Un expert d'assuré poursuivi pour escroquerie
«Le mécanisme de l’escroc» consiste selon le procureur à «faire croire à la juridiction qu’elle n’est pas capable de comprendre». Cette définition a été exposée par le procureur pour qualifier le comportement de XK, convoqué jeudi dernier devant le tribunal de proximité de Saint-Martin pour des faits d’escroquerie au préjudice de RL.
RL, âgé de 77 ans, est – via une SCI – propriétaire d’une villa à Saint-Martin. Résident à l’étranger, il a mandaté localement une agence spécialisée dans la location et l’entretien de villas, pour s’occuper de la sienne. En 2017, la villa est partiellement détruite par le passage d’Irma, l’agence sollicite XK en sa qualité d’expert d’assuré pour le compte de son client. XK visite la villa puis entame les démarches avec l’expert d’assurance.
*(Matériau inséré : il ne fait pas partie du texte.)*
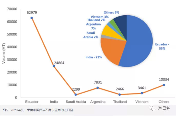 2020年第一季度印度的主要出口目的地是美国,约68,894吨,其次是对中国的24,848吨,中国从印度恢复了对虾的进口。尽管厄瓜多尔目前是中国的主要供应国,但印度在数量上仅次于它,占中国虾进口总量的22%(图4)。根据内部数据,大约有25,000吨虾被冷藏以备将来订购,安得拉邦政府通过开放主要港口Vizagapatnam,Kakinada和Krishnapatnam来支持该行业,以恢复出口。

En décembre 2017, XK fait à RL une proposition d’achat de ladite villa d’un montant de 870 000 euros. Il estime qu’il s’agit de «la valeur du bien une fois rénové». Dans la promesse de vente, il stipule en outre que l’indemnité que la compagnie d’assurance versera, devra lui revenir afin qu’il puisse effectuer les travaux de réparation. Les deux parties signent le document mais la vente n’aboutira jamais.
Plusieurs mois plus tard, RL débarque à Saint-Martin et pense avoir été victime d’une escroquerie de la part de XK et de l’agence de location. Il dépose plainte à la gendarmerie en décembre 2018.
Selon les éléments du dossier, l’agence a indiqué à RL qu’il toucherait environ 80 000 euros ou 150 000 euros* d’indemnité d’assurance ; le faible montant face à la proposition d’achat de XK, l'a poussé à accepter l’offre de vente. Or l’indemnité de la compagnie d’assurance s’élève à quelque 765 000 euros. Un acompte d’un montant de 542 000 euros est versé à l’agence qui le transfère directement à XK qui souhaite débuter les travaux. Or, XK n’est pas encore propriétaire puisque l’acte de vente n’est pas encore signé.
Le tribunal s’étonne d’une part que l’indemnité soit versée à l’agence et non pas directement à l’assuré. D’autre part il observe que XK avait la possibilité d’acquérir une maison évaluée à 870 000 euros sans en payer l’intégralité du prix.
«- L'indemnité d’assurance aurait en fait couvert le prix d’achat de la maison ?, fait remarquer le tribunal au prévenu,
- Au moment où j’ai fait l’offre en décembre 2017 je n’avais aucune idée du montant qui serait inscrit dans le rapport de l'assurance en mai 2018, répond-il.
- Vous êtes expert d’assuré, c’est votre métier… Vous aviez quand même une idée du montant des dégâts !,
- Non pas du tout ! »
XK insiste en affirmant que sa manœuvre est légale. Mais de reconnaître qu’elle «choque les gens». «Mais moi, ça ne me gêne pas», confie-t-il. Ce type d’action est «tout à fait normal», veut-il faire comprendre. C’est le «mécanisme de l’escroc» selon le procureur.
Par ailleurs le propriétaire de la villa a constaté à son arrivée sur l’île que des tableaux dont la valeur garantie est de 60 000 euros chacun, , avaient disparu de la villa. XK l’a aussitôt rassuré en lui disant qu’il les avait mis à l’abri dans un conteneur loué par sa propre société d’expert assuré. Jeudi à la barre du tribunal, XK a souligné que «c’était des croûtes » et qu’il n’avait pas l’intention de les subtiliser. Il les avait enlevés pour qu'ils ne soient pas pillés.
Le procureur a requis une peine de neuf mois de prison avec sursis et une amende de 10 000 euros à l'encontre de XK. Le jugement a été mis en délibéré, il sera rendu le 25 novembre.
Dans cette affaire une représentante de la société de location et d’entretien de villas était aussi poursuivie pour abus de confiance. Mais le décès de celle-ci a eu pour effet d’éteindre l’action publique à son encontre.
* Les deux montants sont évoqués au cours de l’audience.